[[ DATA FOR THIS TASK open ]]
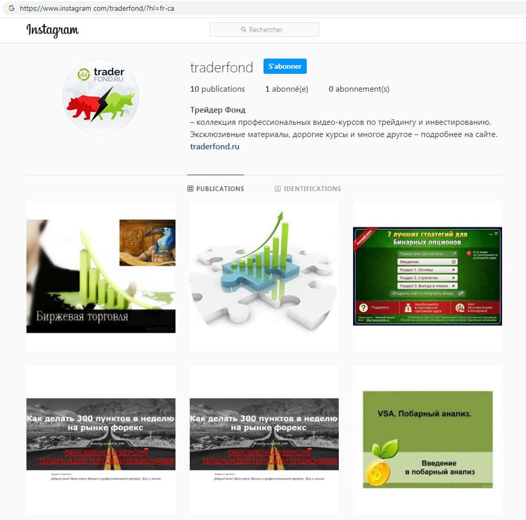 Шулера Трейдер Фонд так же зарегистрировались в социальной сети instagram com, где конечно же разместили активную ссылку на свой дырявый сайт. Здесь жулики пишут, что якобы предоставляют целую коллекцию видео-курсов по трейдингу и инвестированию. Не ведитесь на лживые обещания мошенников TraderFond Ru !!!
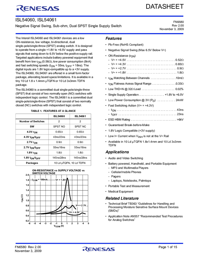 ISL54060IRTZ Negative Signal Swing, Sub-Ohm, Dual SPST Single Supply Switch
[[ DATA FOR THIS TASK closed ]]
[[ DATA FOR THIS TASK open ]]
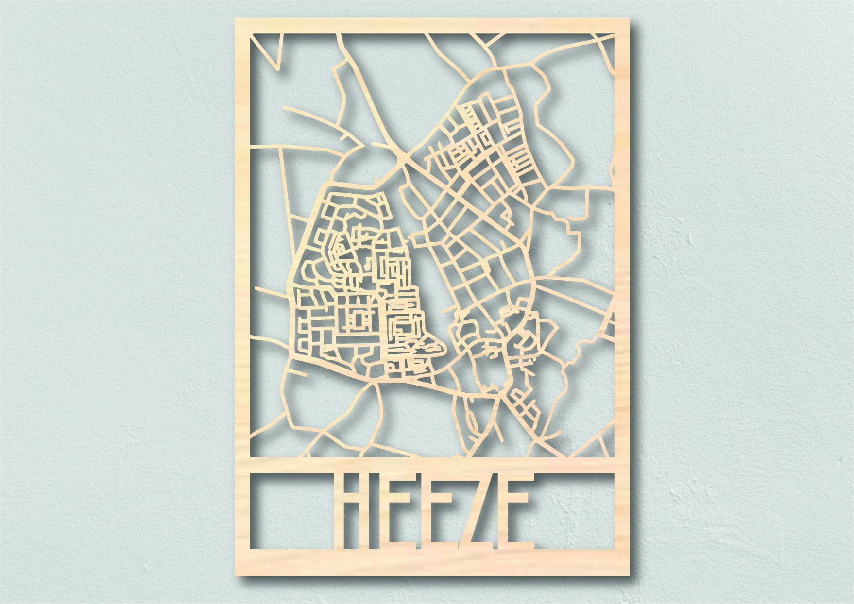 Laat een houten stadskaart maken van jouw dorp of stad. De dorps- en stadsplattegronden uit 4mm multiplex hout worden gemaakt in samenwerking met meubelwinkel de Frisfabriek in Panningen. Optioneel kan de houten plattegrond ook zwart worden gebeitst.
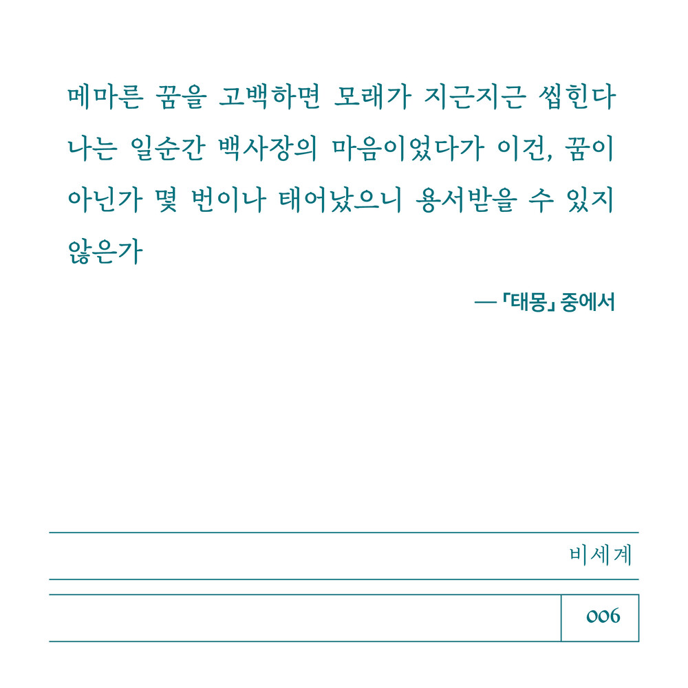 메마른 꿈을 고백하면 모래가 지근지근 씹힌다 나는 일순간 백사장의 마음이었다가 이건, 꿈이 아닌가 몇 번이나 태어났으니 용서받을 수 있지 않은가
[[ DATA FOR THIS TASK closed ]]
■ EXERCISE GOAL:
Nothing but the lines from the one with "Шулера Трейдер Фонд" to the one with "ISL54060IRTZ Negative Signal" above, both included, should be transcribed, exactly and without pictures.

■ COMPLETED TASK:
 Шулера Трейдер Фонд так же зарегистрировались в социальной сети instagram com, где конечно же разместили активную ссылку на свой дырявый сайт. Здесь жулики пишут, что якобы предоставляют целую коллекцию видео-курсов по трейдингу и инвестированию. Не ведитесь на лживые обещания мошенников TraderFond Ru !!!
 ISL54060IRTZ Negative Signal Swing, Sub-Ohm, Dual SPST Single Supply Switch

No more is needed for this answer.